GIVEN DATA Block Start
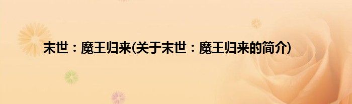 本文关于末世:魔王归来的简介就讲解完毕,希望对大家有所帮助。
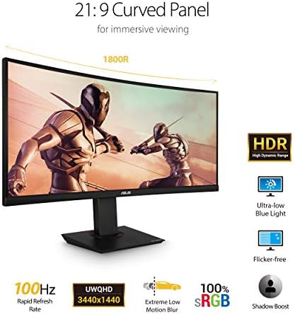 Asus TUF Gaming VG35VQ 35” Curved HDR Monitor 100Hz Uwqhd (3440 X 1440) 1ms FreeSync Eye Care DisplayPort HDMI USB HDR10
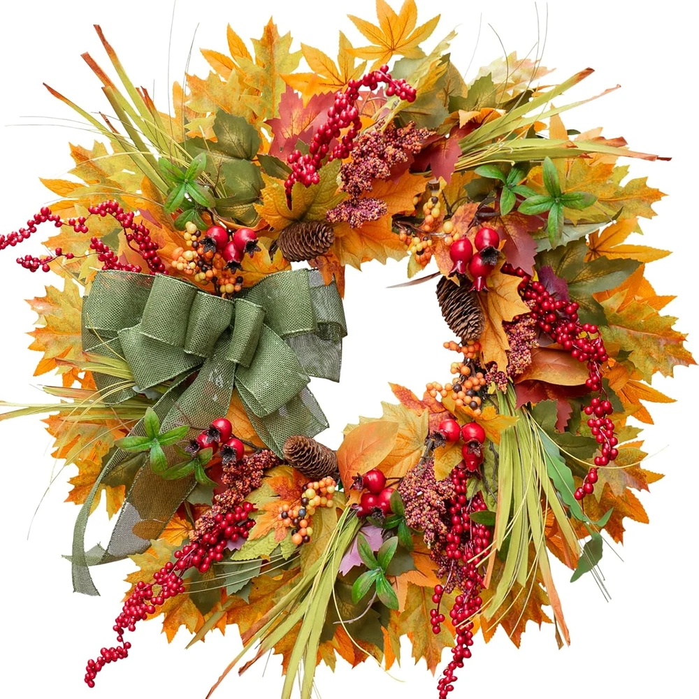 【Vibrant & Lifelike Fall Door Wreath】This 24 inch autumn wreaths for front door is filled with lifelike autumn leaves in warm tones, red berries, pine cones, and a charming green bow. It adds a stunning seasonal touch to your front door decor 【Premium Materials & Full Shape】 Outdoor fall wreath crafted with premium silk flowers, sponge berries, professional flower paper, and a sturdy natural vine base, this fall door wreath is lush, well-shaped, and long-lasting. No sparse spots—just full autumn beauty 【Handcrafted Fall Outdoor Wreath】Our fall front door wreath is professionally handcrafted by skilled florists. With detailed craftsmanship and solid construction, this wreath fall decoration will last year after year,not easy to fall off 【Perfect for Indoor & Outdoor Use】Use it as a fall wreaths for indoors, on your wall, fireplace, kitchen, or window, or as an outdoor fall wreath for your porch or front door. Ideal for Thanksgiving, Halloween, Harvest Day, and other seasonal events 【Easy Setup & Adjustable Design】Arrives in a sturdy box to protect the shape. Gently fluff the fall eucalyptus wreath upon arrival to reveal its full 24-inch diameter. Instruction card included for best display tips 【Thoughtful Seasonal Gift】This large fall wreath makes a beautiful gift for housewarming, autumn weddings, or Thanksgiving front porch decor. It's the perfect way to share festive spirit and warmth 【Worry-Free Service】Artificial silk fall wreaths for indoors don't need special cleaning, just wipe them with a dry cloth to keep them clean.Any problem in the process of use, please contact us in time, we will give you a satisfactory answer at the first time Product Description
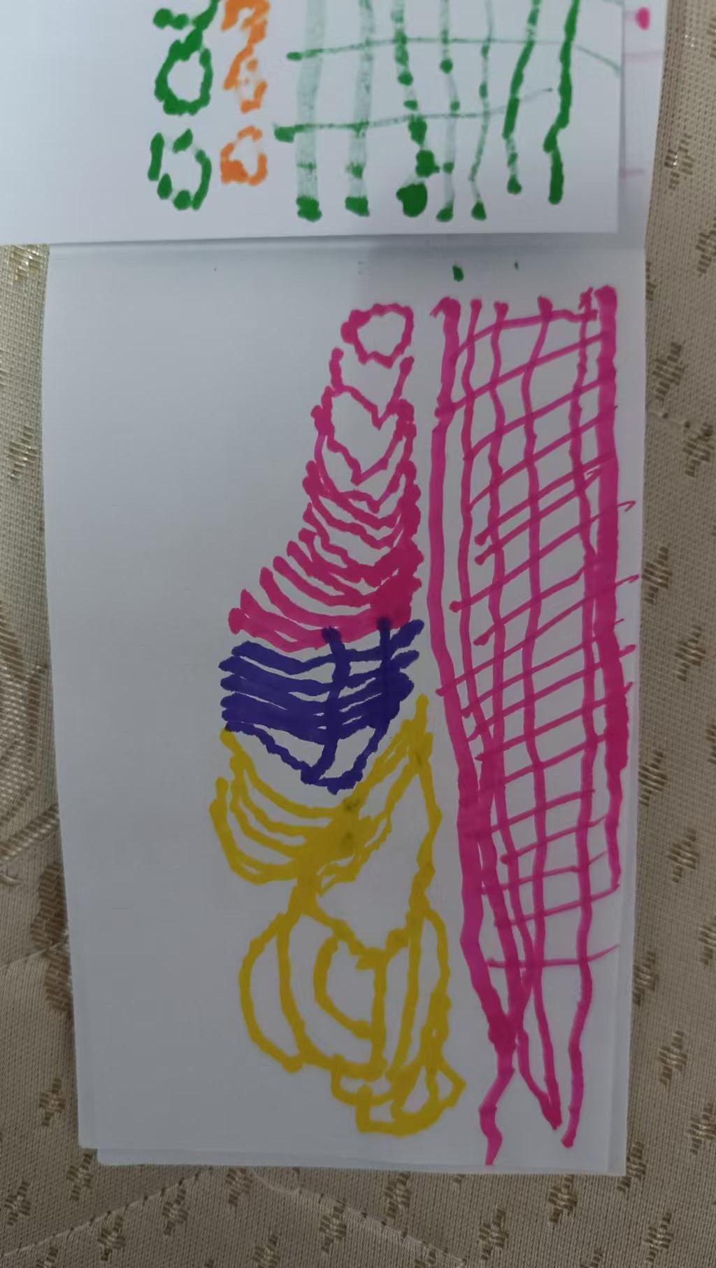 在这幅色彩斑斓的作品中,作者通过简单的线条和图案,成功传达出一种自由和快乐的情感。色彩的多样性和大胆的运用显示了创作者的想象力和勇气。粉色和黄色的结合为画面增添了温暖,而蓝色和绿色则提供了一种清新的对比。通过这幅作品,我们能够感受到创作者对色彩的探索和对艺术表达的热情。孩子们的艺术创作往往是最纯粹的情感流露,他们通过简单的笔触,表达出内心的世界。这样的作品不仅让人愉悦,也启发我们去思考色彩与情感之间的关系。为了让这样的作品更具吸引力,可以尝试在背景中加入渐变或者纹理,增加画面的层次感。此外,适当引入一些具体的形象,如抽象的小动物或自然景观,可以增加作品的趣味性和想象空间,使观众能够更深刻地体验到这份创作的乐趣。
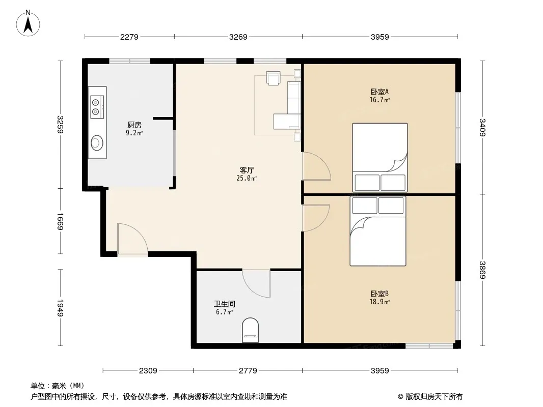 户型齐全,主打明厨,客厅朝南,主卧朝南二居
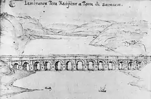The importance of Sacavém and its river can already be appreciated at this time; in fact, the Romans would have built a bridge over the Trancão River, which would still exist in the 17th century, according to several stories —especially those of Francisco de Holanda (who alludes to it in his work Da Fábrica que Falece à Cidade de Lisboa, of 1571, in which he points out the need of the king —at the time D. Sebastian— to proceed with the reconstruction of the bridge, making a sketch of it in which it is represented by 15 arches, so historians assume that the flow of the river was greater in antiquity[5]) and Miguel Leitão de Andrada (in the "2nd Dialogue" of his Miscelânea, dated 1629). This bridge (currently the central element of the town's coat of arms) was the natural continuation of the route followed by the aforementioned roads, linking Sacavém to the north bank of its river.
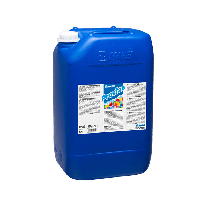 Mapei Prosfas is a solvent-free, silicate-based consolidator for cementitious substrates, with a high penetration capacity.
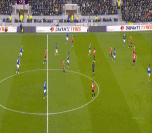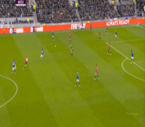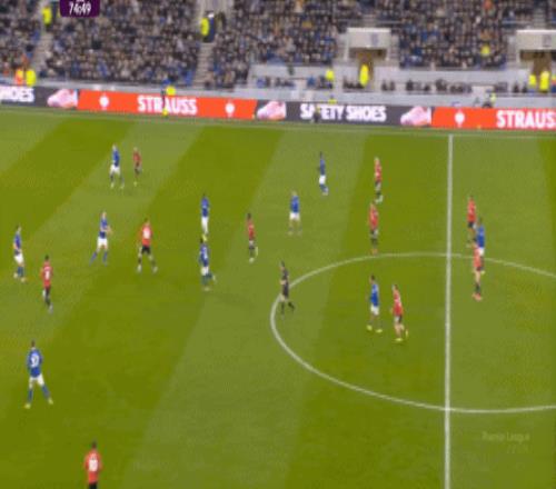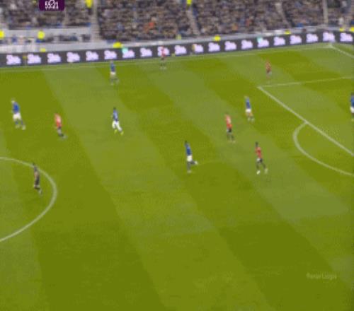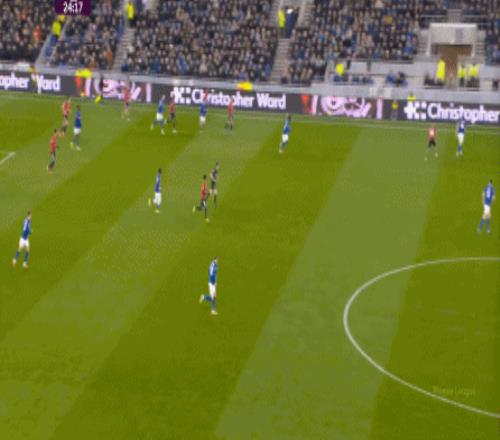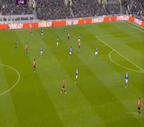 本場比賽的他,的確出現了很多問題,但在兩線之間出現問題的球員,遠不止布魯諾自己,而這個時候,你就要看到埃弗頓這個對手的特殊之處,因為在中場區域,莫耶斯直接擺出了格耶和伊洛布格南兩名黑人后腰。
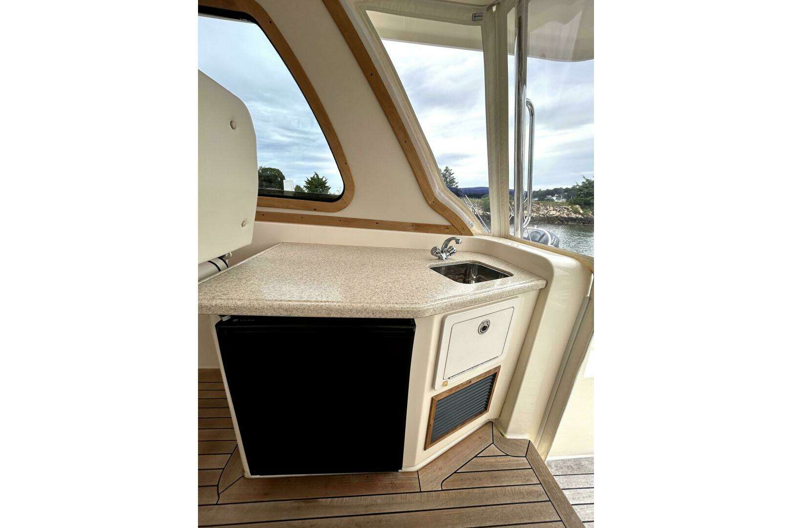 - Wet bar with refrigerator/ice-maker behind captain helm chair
GIVEN DATA Block End
→ **DIRECTIONS FOR THIS TASK**
Would you print all of the entries exactly, omitting any image?

→ **PROBLEM SOLUTION**
 本文关于末世:魔王归来的简介就讲解完毕,希望对大家有所帮助。
 Asus TUF Gaming VG35VQ 35” Curved HDR Monitor 100Hz Uwqhd (3440 X 1440) 1ms FreeSync Eye Care DisplayPort HDMI USB HDR10
 【Vibrant & Lifelike Fall Door Wreath】This 24 inch autumn wreaths for front door is filled with lifelike autumn leaves in warm tones, red berries, pine cones, and a charming green bow. It adds a stunning seasonal touch to your front door decor 【Premium Materials & Full Shape】 Outdoor fall wreath crafted with premium silk flowers, sponge berries, professional flower paper, and a sturdy natural vine base, this fall door wreath is lush, well-shaped, and long-lasting. No sparse spots—just full autumn beauty 【Handcrafted Fall Outdoor Wreath】Our fall front door wreath is professionally handcrafted by skilled florists. With detailed craftsmanship and solid construction, this wreath fall decoration will last year after year,not easy to fall off 【Perfect for Indoor & Outdoor Use】Use it as a fall wreaths for indoors, on your wall, fireplace, kitchen, or window, or as an outdoor fall wreath for your porch or front door. Ideal for Thanksgiving, Halloween, Harvest Day, and other seasonal events 【Easy Setup & Adjustable Design】Arrives in a sturdy box to protect the shape. Gently fluff the fall eucalyptus wreath upon arrival to reveal its full 24-inch diameter. Instruction card included for best display tips 【Thoughtful Seasonal Gift】This large fall wreath makes a beautiful gift for housewarming, autumn weddings, or Thanksgiving front porch decor. It's the perfect way to share festive spirit and warmth 【Worry-Free Service】Artificial silk fall wreaths for indoors don't need special cleaning, just wipe them with a dry cloth to keep them clean.Any problem in the process of use, please contact us in time, we will give you a satisfactory answer at the first time Product Description
 在这幅色彩斑斓的作品中,作者通过简单的线条和图案,成功传达出一种自由和快乐的情感。色彩的多样性和大胆的运用显示了创作者的想象力和勇气。粉色和黄色的结合为画面增添了温暖,而蓝色和绿色则提供了一种清新的对比。通过这幅作品,我们能够感受到创作者对色彩的探索和对艺术表达的热情。孩子们的艺术创作往往是最纯粹的情感流露,他们通过简单的笔触,表达出内心的世界。这样的作品不仅让人愉悦,也启发我们去思考色彩与情感之间的关系。为了让这样的作品更具吸引力,可以尝试在背景中加入渐变或者纹理,增加画面的层次感。此外,适当引入一些具体的形象,如抽象的小动物或自然景观,可以增加作品的趣味性和想象空间,使观众能够更深刻地体验到这份创作的乐趣。
 户型齐全,主打明厨,客厅朝南,主卧朝南二居
The importance of Sacavém and its river can already be appreciated at this time; in fact, the Romans would have built a bridge over the Trancão River, which would still exist in the 17th century, according to several stories —especially those of Francisco de Holanda (who alludes to it in his work Da Fábrica que Falece à Cidade de Lisboa, of 1571, in which he points out the need of the king —at the time D. Sebastian— to proceed with the reconstruction of the bridge, making a sketch of it in which it is represented by 15 arches, so historians assume that the flow of the river was greater in antiquity[5]) and Miguel Leitão de Andrada (in the "2nd Dialogue" of his Miscelânea, dated 1629). This bridge (currently the central element of the town's coat of arms) was the natural continuation of the route followed by the aforementioned roads, linking Sacavém to the north bank of its river.
 Mapei Prosfas is a solvent-free, silicate-based consolidator for cementitious substrates, with a high penetration capacity.
 本場比賽的他,的確出現了很多問題,但在兩線之間出現問題的球員,遠不止布魯諾自己,而這個時候,你就要看到埃弗頓這個對手的特殊之處,因為在中場區域,莫耶斯直接擺出了格耶和伊洛布格南兩名黑人后腰。
 - Wet bar with refrigerator/ice-maker behind captain helm chair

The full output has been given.